Pathology, Russian Children's Clinical Hospital, Moscow, RUS.
Cureus. 2018 Jun 28;10(6):e2892. doi: 10.7759/cureus.2892.
Nasal chondromesenchymal hamartoma (NCMH) is a rare benign tumor of the sinonasal tract in children with possible orbit and skull base involvement. We present the 57th published observation of this kind of tumor. A 25-month-old female patient presented with recurrent mass lesion of the sinonasal tract. According to her history, she had feeding difficulties and nasal obstruction since birth. She underwent partial resection at eight months of age via transfacial approach in the local hospital. Due to progression of tumor remnants, a second surgery was performed using an endoscopic endonasal approach resulting in subtotal resection. At 12 months of follow-up, a good postoperative result was observed with no signs of tumor progression despite incomplete resection. Histological and immunohistochemical examination of the biopsy specimens is presented. Comparison of specimens obtained from each of the two surgeries showed a difference in histological patterns. Endoscopic endonasal approach is the mainstay of surgical management. In case of incomplete resection, careful follow-up MRI studies should be recommended.

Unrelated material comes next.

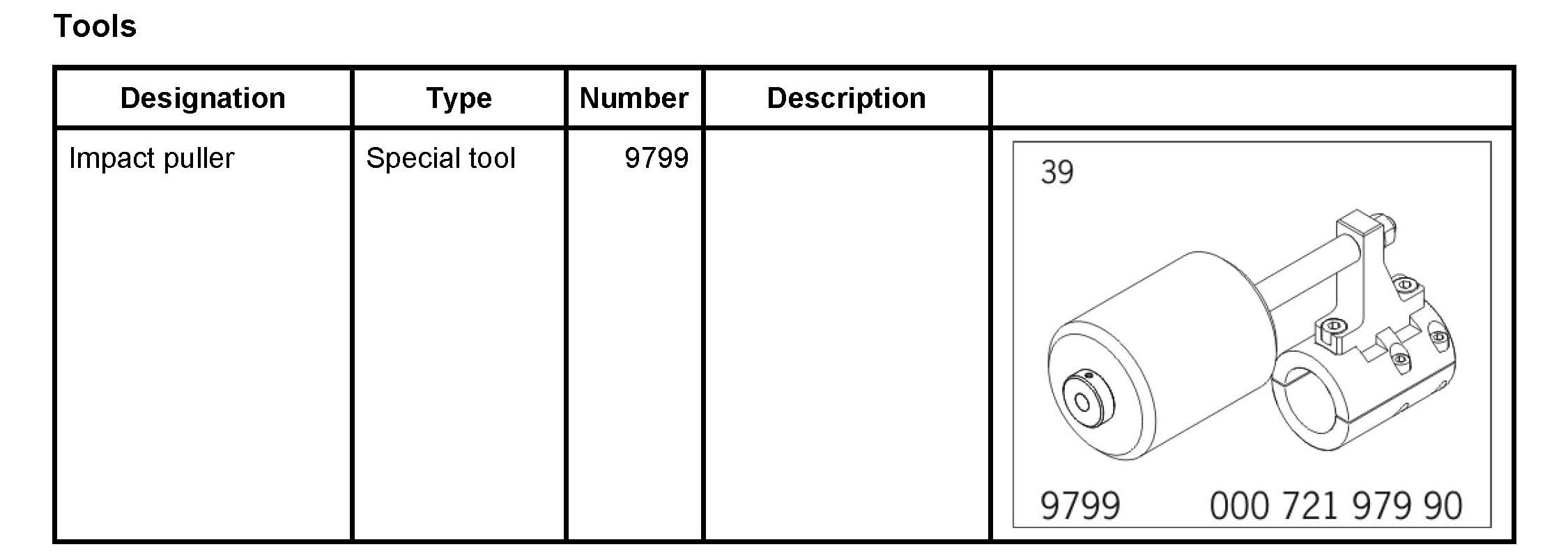 10. Impact puller 9799 must be fitted at the groove in the connecting shaft using 4 screws.

鼻软骨间叶性错构瘤(NCMH)是儿童鼻窦道的一种罕见良性肿瘤,可能累及眼眶和颅底。我们报告了此类肿瘤的第57例已发表观察病例。一名25个月大的女性患者出现鼻窦道复发性肿块病变。根据她的病史,她自出生以来就有喂养困难和鼻塞症状。她8个月大时在当地医院经面部入路接受了部分切除术。由于肿瘤残余进展,第二次手术采用鼻内镜鼻内入路,实现了次全切除。在随访12个月时,尽管切除不完全,但术后效果良好,未出现肿瘤进展迹象。本文展示了活检标本的组织学和免疫组化检查结果。对两次手术获取的标本进行比较,结果显示组织学模式存在差异。鼻内镜鼻内入路是手术治疗的主要方法。若切除不完全,建议进行仔细的随访磁共振成像(MRI)检查。